The competition website (https://www.kaggle.com/c/kuzushiji-recognition)
#The competition page will be released on the launch day
CODH website (http://codh.rois.ac.jp/competition/kaggle/)
(*5)Headquartered in the US (and owned by Google), Kaggle (https://www.kaggle.com/) is the world’s largest platform for machine learning competitions. Competitions at Kaggle are held in an open research and development process wherein (1) corporations or researchers submit challenges they wish to solve and related data; (2) AI researchers and engineers worldwide submit algorithms to solve the challenges; (3) the submitted algorithms are ranked by performance, and winners are determined; and (4) winners share the outcome of the competition with the host and obtain the prize. (*6) The 23rd PRMU Algorithm Contest, 2019 Kuzushiji Recognition Challenge (https://sites.google.com/view/alcon2019) runs from May 31 to August 31, 2019, and is hosted by the IEICE Society of Pattern Recognition and Media Understanding (supported by the CODH).
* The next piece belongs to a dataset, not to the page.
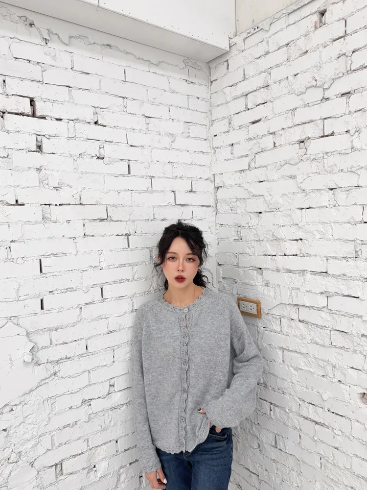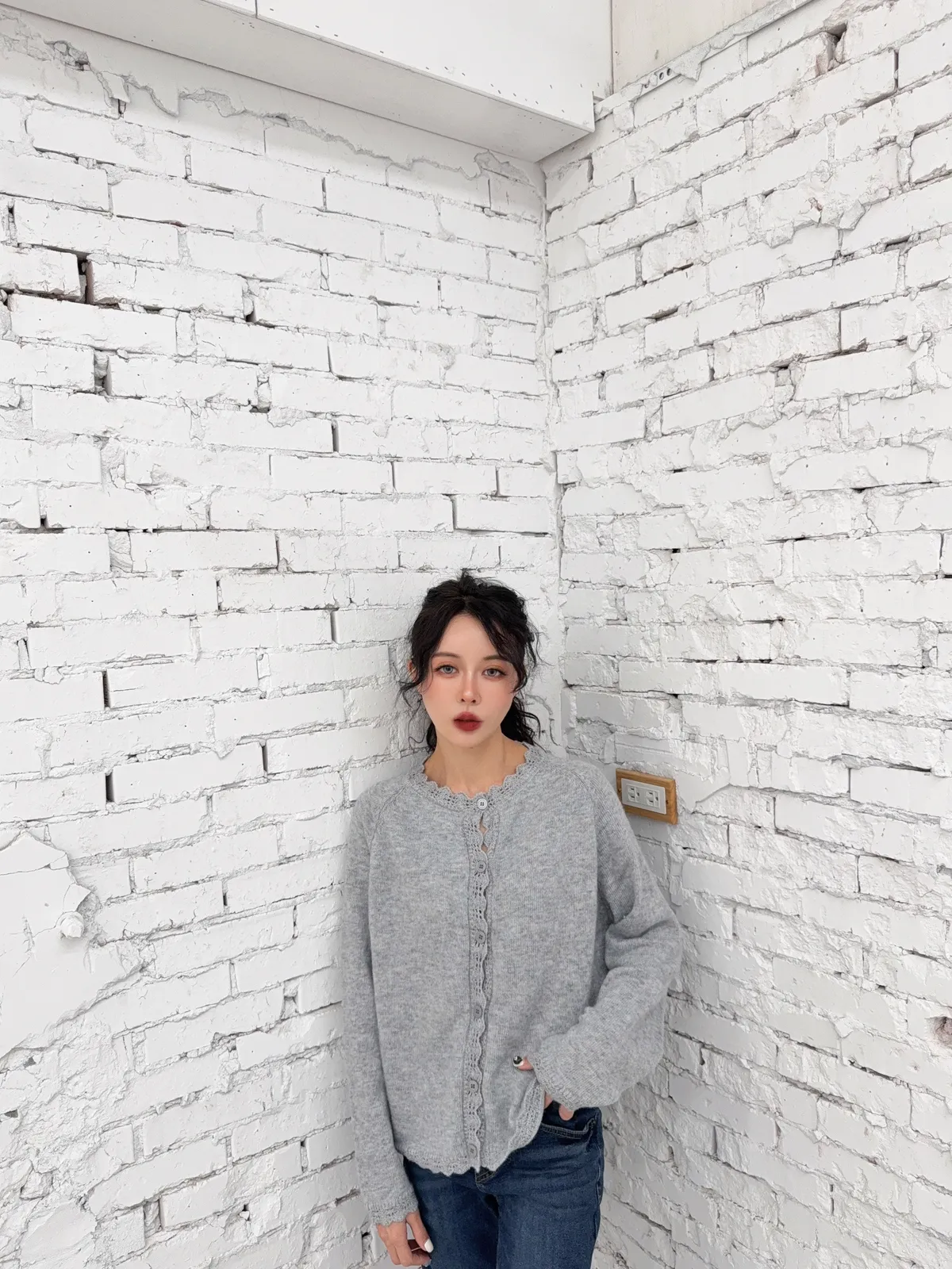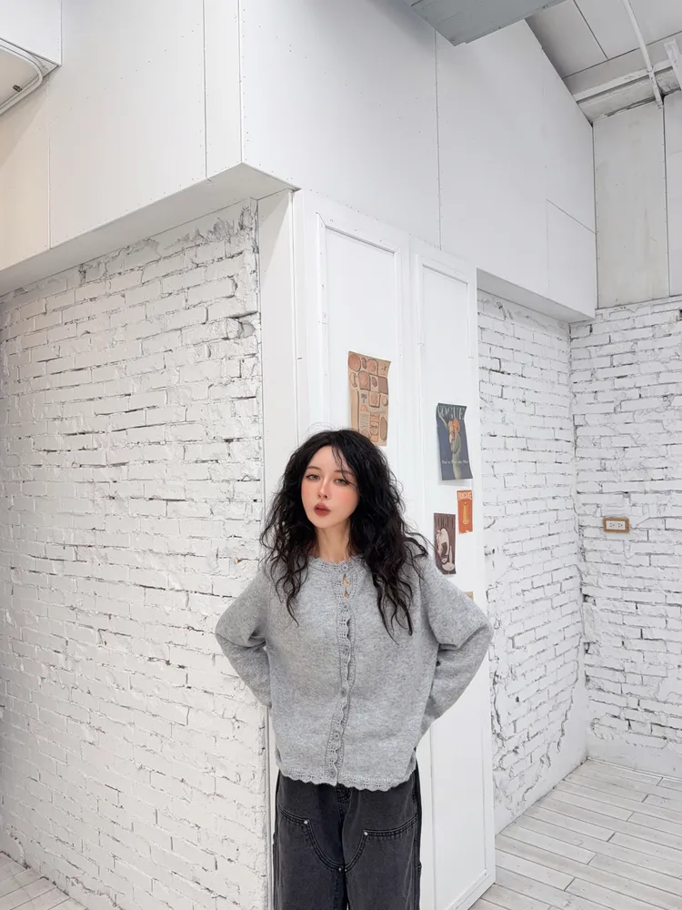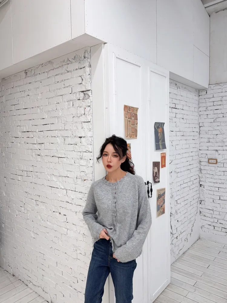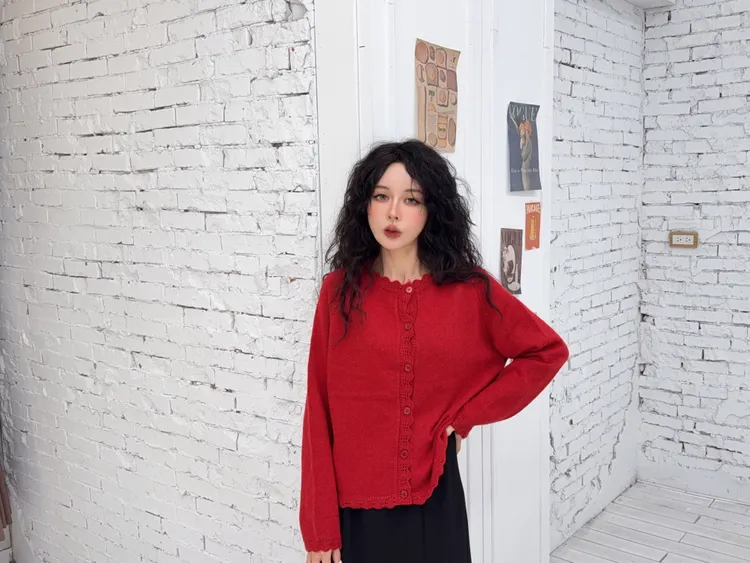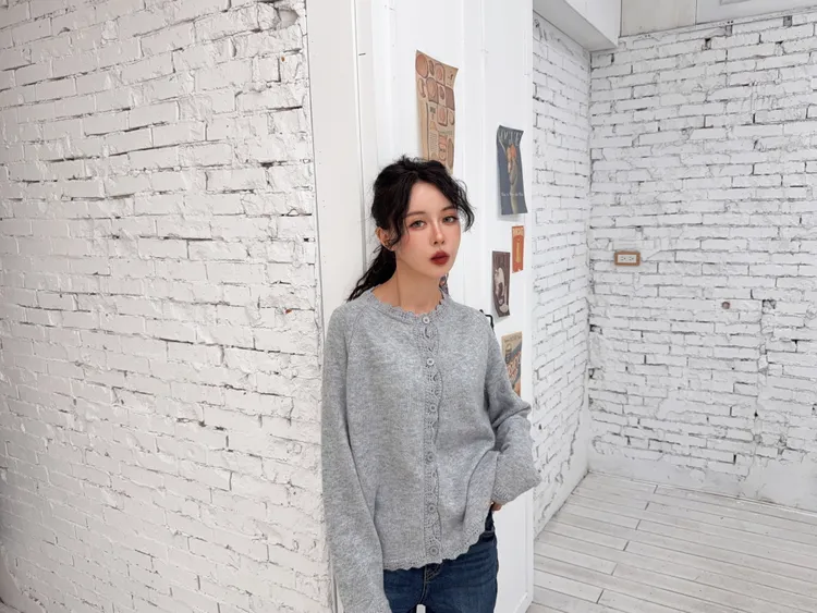 他釦子跟領口下擺周圍都是有花邊的弧度

While it uses a similar dataset with the Kaggle competition’s, the difficulty of the challenge is different. (*7) “Data-driven research” is a research method for acquiring new knowledge from evidences obtained from the collection and analysis of (big) data, often by large-scale data processing such as machine learning (AI).
※This is a joint news release by the Research Organization of Information and Systems' Center for Open Data in the Humanities (CODH) at the Joint Support-Center for Data Science Research, the organization's National Institute of Informatics (NII) and National Institute of Japanese Literature (NIJL) at the National Institutes for the Humanities.